The research team was comprised of Dr. Ian S. Zagon, Distinguished University Professor, and Dr. Patricia J. McLaughlin, Professor, along with a doctoral student, Dr. Renee N. Donahue, in the Department of Neural & Behavioral Sciences. Drs. Zagon and McLaughlin have extensive collaborations focused on demonstrating the remarkable properties of LDN and OGF in a variety of preclinical and clinical studies. LDN has proven successful in Phase I and II clinical trials in the treatment of Crohn's disease, and OGF has been found to be safe and efficacious for pancreatic cancer. Co-author Dr. McLaughlin states: "Given the extraordinary biological control of the OGF-OGFr axis with respect to cell proliferation, and the unique modulatory capability of LDN to enhance opioid-receptor response by way of native biological processes, this is particularly attractive as a biological-based treatment in arresting the progression of ovarian cancer." Dr. Zagon adds that "More than 75% of women are diagnosed with ovarian cancer in advanced stages because of a lack of diagnostic biomarkers. Although the initial clinical response to cytoreductive surgery and adjuvant chemotherapy is excellent, nearly 65% of advanced-staged patients relapse within 2 years. All subsequent treatments are pallative.
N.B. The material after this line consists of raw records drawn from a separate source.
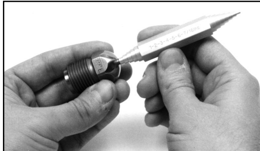
CHECK YOUR ORIFICE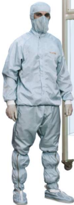
CLEAN ZONE 129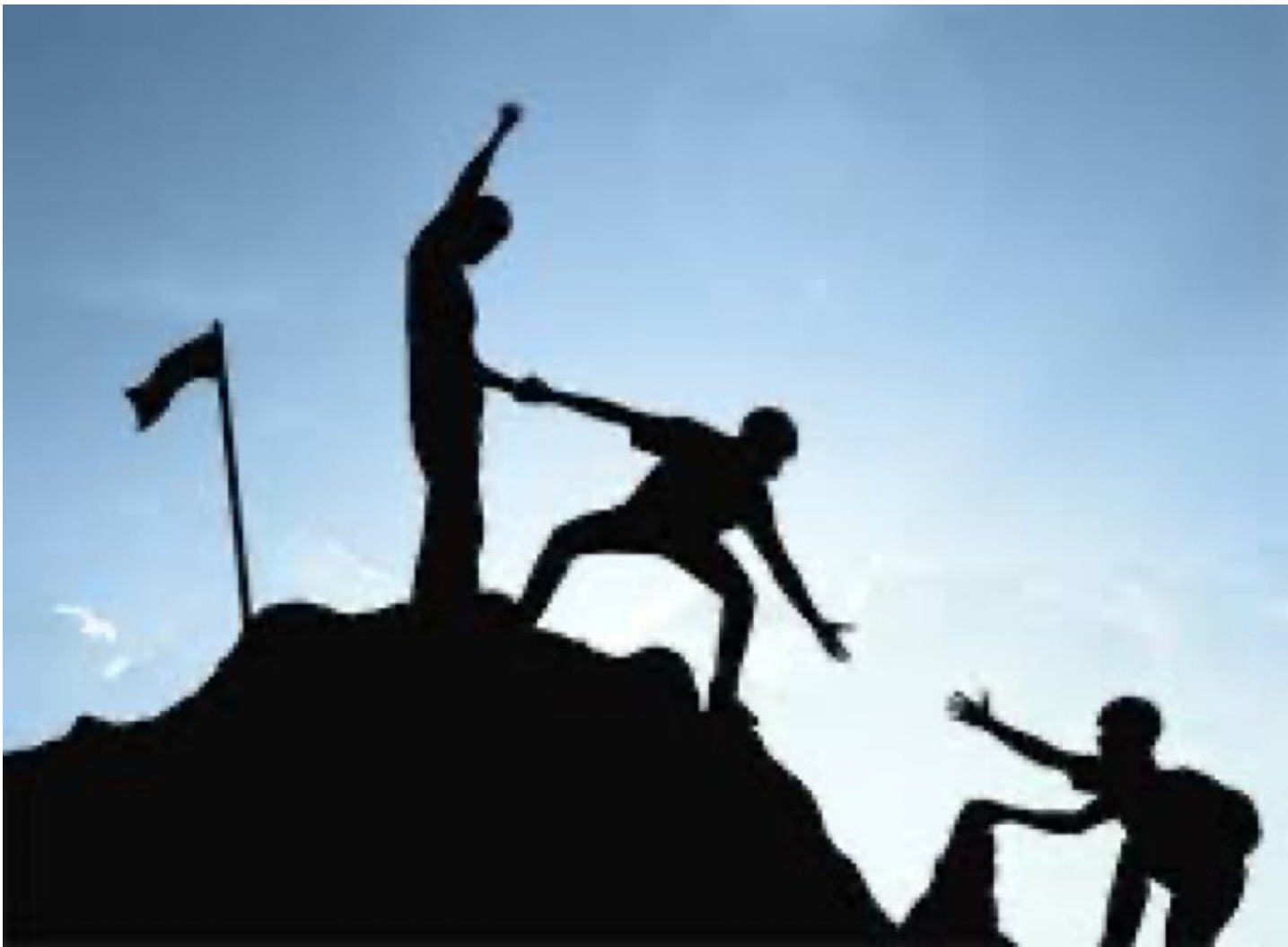
The higher we are placed, the more humbly we should walk. #BeHumbleLikeSSR #JusticeForSushantSinghRajput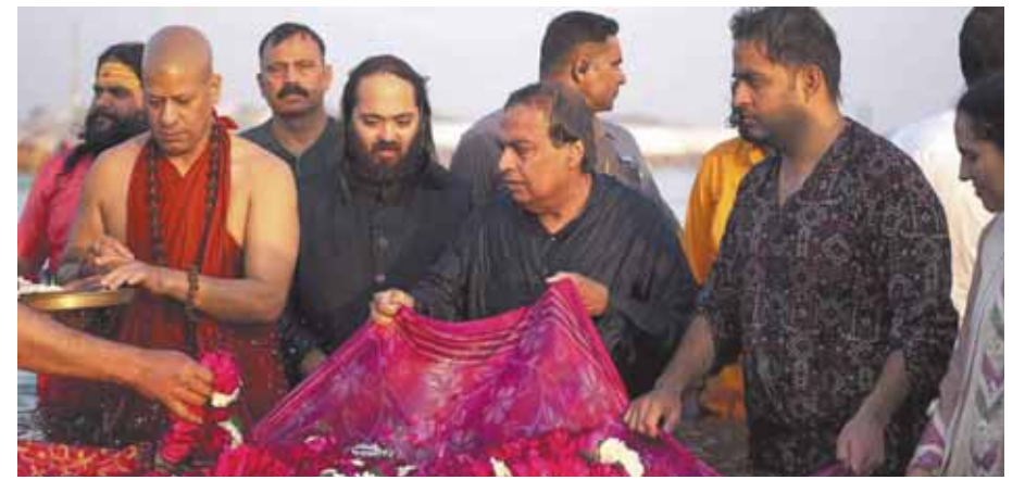
Reliance Industries Chairman Mukesh Ambani with his son Anant Ambani takes a holy dip during the Maha Kumbh Mela at the Sangam in Prayagraj on Tuesday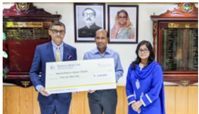
EBL donates to Special Branch Kallyan Tohobil, Bangladesh Police for scholarships to their meritorious children.

As a responsive corporate citizen, the Bank demonstrates its commitment to promoting education and supporting the development of the country's youth through its initiatives. EBL has provided BDT 0.50 million to the Special Branch Kallyan Tohobil, Bangladesh Police to provide scholarships to the meritorious children of their employees. The initiative aims to inspire them to reach higher goals and elevate societal aspirations.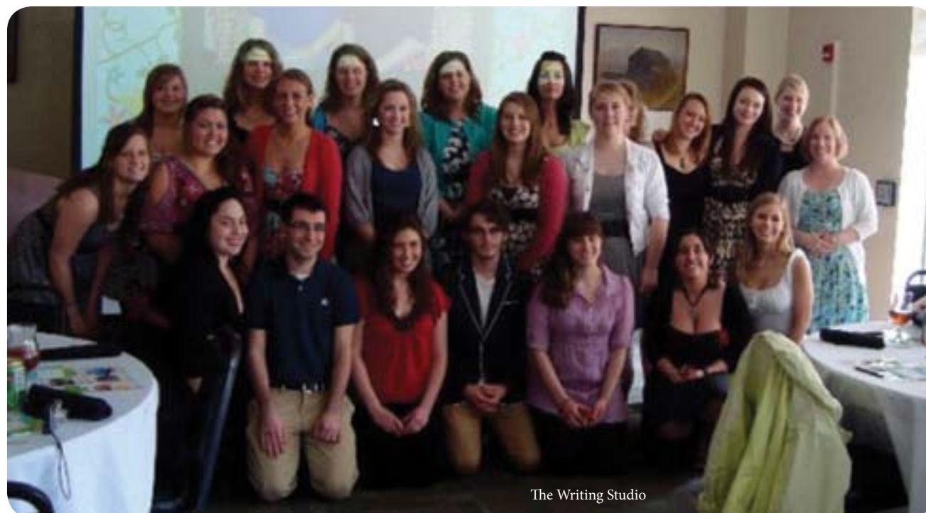
The Writing Studio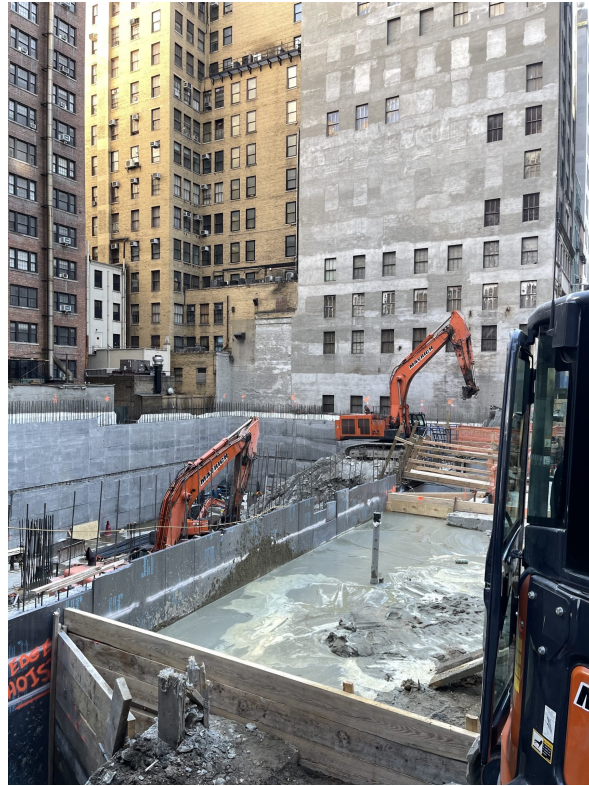
125 West 57th Street.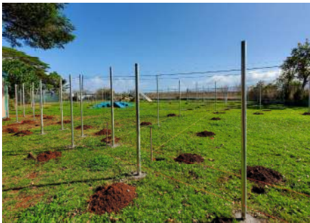
Beginning of construction

The previous Agility yard at Maui Humane Society underwent renovations in January. The new Canine Visiting yards, when completed, will provide 10 large spaces for visitors to view dogs out in “Day Groups.” There will also be new spaces to visit dogs, allowing for better engagement and interactions. Having these outdoor Day Groups gets dogs out of their kennels for enrichment activities and better supports their natural, species-specific behaviors, improving their mental health. The Animal Care & Enrichment (ACE) Team matches dogs based on personality and oversees this out-of-kennel time. The initial goal is for dogs to spend at least two hours out of the kennel each day, extending over time to six hours each day. Another focus of building more exercise yards was to create low-stress areas for the public to walk through and interact with and spend time with the dogs.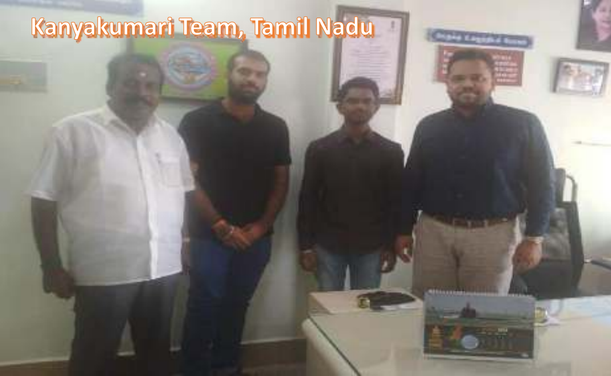
Kanyakumari Team, Tamil Nadu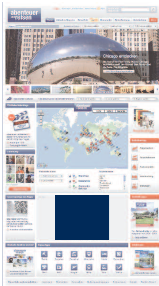
Content Ad / Small Rectangle (180 x 150 pixel)

Thus, the clinical implications of our study speak to the urgency for initiating clinical trials using LDN in the treatment of advanced ovarian cancer."
Steven Goodman, Ph.D. Editor-in-Chief of Experimental Biology and Medicine said “Researchers at The Pennsylvania State University College of Medicine have discovered that a low dose of the opioid antagonist naltrexone markedly suppresses progression of human ovarian cancer transplanted into mice. Low dose naltrexone combined with cisplatin, but not taxol, had an additive inhibitory action on tumorigenesis. Therefore low dose naltrexone offers a non-toxic and efficacious biologic pathway-related treatment that may benefit patients with this ovarian cancer.”